> **The problem**: The answer must be every line of the records below that holds the word "viele".

(Data to use begins)

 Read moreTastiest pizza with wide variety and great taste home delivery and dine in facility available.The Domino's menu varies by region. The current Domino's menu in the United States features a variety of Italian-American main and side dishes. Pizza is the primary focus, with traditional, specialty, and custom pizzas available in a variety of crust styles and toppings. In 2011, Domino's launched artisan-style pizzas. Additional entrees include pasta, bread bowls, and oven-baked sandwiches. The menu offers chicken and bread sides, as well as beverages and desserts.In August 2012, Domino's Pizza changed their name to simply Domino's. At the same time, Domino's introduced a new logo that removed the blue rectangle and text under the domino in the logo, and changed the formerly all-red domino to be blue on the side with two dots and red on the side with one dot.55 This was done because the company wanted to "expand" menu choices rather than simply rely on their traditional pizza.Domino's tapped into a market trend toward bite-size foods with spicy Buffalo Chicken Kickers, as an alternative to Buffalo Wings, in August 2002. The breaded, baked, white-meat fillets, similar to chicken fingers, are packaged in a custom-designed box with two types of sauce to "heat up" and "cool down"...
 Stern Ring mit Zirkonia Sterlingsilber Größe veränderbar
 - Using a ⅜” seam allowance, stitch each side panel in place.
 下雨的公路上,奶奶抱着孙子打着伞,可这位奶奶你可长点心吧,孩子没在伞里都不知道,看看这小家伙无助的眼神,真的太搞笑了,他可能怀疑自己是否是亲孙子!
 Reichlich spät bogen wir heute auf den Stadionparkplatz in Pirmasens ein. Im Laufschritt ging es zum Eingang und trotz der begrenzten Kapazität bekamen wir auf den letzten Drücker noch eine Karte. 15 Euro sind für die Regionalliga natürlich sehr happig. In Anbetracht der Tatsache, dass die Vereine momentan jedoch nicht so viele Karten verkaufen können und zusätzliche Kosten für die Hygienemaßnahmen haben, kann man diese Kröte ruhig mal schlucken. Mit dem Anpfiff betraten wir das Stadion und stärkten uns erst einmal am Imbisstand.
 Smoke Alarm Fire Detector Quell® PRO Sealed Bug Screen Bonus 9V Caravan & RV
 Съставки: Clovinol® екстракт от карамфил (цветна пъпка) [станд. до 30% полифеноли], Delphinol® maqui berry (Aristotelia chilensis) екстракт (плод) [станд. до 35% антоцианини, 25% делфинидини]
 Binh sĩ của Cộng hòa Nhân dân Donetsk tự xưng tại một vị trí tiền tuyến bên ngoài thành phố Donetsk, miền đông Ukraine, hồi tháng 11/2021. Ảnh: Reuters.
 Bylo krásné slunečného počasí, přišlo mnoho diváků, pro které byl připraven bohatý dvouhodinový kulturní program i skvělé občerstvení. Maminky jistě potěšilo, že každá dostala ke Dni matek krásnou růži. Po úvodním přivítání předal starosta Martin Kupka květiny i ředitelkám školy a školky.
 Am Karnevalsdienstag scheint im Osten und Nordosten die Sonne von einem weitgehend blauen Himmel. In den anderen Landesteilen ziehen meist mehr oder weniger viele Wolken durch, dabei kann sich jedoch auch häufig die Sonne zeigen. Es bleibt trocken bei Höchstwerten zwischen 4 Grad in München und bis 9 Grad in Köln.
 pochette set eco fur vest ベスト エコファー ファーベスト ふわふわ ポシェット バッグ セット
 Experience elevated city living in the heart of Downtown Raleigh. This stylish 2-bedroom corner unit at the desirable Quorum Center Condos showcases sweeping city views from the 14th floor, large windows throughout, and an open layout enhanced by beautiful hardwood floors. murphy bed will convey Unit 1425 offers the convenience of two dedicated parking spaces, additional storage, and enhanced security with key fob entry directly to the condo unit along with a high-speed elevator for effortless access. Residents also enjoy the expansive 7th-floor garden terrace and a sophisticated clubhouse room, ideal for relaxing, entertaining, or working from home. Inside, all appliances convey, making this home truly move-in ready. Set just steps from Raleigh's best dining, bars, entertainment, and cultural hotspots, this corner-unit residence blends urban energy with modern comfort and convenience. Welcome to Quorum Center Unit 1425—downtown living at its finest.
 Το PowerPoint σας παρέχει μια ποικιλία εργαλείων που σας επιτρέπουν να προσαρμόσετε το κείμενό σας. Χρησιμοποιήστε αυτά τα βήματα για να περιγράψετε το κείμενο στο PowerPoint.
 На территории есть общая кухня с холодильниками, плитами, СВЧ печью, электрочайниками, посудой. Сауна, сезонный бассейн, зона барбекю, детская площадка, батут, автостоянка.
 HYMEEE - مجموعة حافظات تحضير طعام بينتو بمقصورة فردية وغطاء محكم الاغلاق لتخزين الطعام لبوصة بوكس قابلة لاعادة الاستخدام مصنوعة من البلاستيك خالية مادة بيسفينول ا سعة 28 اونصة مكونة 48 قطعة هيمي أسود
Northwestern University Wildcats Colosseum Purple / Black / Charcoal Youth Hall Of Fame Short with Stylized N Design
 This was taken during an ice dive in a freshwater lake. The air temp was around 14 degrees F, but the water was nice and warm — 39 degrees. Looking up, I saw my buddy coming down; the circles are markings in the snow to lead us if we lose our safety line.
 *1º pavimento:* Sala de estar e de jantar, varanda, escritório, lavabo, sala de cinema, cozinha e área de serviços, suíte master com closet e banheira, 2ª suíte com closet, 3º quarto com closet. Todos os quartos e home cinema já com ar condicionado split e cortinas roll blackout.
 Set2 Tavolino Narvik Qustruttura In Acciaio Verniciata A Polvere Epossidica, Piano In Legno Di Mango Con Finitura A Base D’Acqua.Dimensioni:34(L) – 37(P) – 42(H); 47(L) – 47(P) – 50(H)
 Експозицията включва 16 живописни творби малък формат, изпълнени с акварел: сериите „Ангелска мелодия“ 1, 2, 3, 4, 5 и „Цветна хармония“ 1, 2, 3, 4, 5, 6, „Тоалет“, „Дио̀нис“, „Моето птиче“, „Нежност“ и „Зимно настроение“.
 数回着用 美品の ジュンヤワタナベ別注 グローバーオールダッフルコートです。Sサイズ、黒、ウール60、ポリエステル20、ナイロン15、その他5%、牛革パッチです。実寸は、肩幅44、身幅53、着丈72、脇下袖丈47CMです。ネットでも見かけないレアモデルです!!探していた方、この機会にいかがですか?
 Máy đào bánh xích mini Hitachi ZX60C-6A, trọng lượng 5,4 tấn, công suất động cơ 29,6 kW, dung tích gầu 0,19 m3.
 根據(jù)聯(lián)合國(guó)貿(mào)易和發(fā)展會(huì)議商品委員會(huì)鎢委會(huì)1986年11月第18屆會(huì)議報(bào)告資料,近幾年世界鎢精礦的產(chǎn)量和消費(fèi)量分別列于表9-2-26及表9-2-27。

(Data to use ends)

> **Task output**:
 Reichlich spät bogen wir heute auf den Stadionparkplatz in Pirmasens ein. Im Laufschritt ging es zum Eingang und trotz der begrenzten Kapazität bekamen wir auf den letzten Drücker noch eine Karte. 15 Euro sind für die Regionalliga natürlich sehr happig. In Anbetracht der Tatsache, dass die Vereine momentan jedoch nicht so viele Karten verkaufen können und zusätzliche Kosten für die Hygienemaßnahmen haben, kann man diese Kröte ruhig mal schlucken. Mit dem Anpfiff betraten wir das Stadion und stärkten uns erst einmal am Imbisstand.
 Am Karnevalsdienstag scheint im Osten und Nordosten die Sonne von einem weitgehend blauen Himmel. In den anderen Landesteilen ziehen meist mehr oder weniger viele Wolken durch, dabei kann sich jedoch auch häufig die Sonne zeigen. Es bleibt trocken bei Höchstwerten zwischen 4 Grad in München und bis 9 Grad in Köln.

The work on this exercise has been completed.